▶ _TASK BRIEF_
No picture belongs in the copy. Repeat each line below exactly.

▶ _SOURCE MATERIAL_
++++
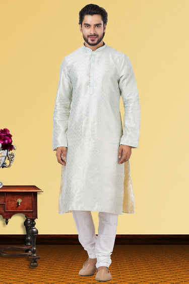 Linen Silk Fabric Attractive Readymade Kurta Pyjama For Men In Light Cyan Color
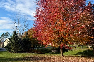 A bright red maple, a new word game, and thoughts on solo dining and connection.
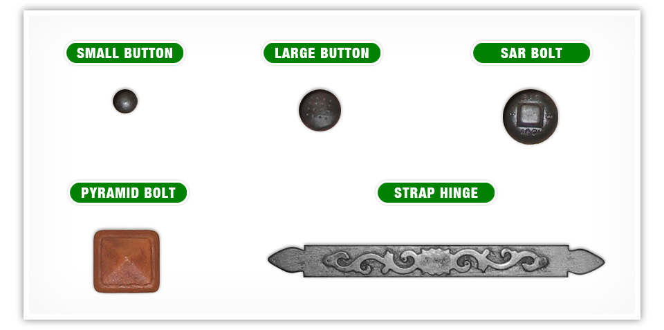 Additional decorative accessories are available upon request. We offer large, medium, and small decorative studs, bolts and hinges that you may use to decorate your door in any way you please. These accessories are easy to apply, all that is needed is a little silicon on the back of the stud - stick the stud onto the door and apply pressure to ensure it holds properly.
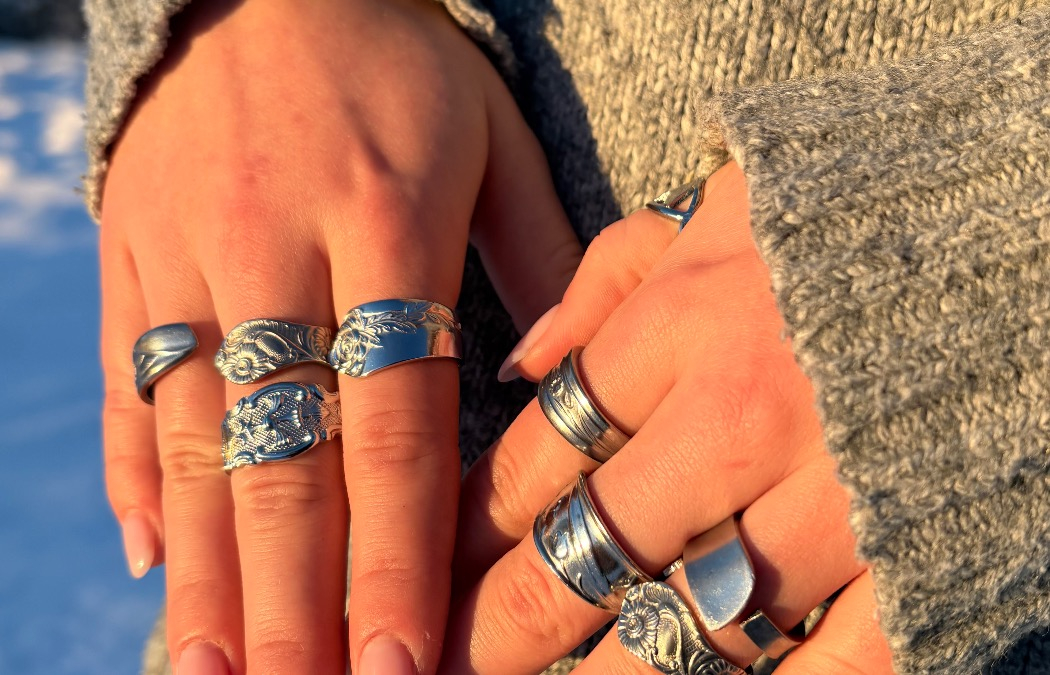 Vi säljer och tillverkar ringar av återvunna metaller som bestick.
++++
▶ _EXPECTED OUTPUT_
 Linen Silk Fabric Attractive Readymade Kurta Pyjama For Men In Light Cyan Color
 A bright red maple, a new word game, and thoughts on solo dining and connection.
 Additional decorative accessories are available upon request. We offer large, medium, and small decorative studs, bolts and hinges that you may use to decorate your door in any way you please. These accessories are easy to apply, all that is needed is a little silicon on the back of the stud - stick the stud onto the door and apply pressure to ensure it holds properly.
 Vi säljer och tillverkar ringar av återvunna metaller som bestick.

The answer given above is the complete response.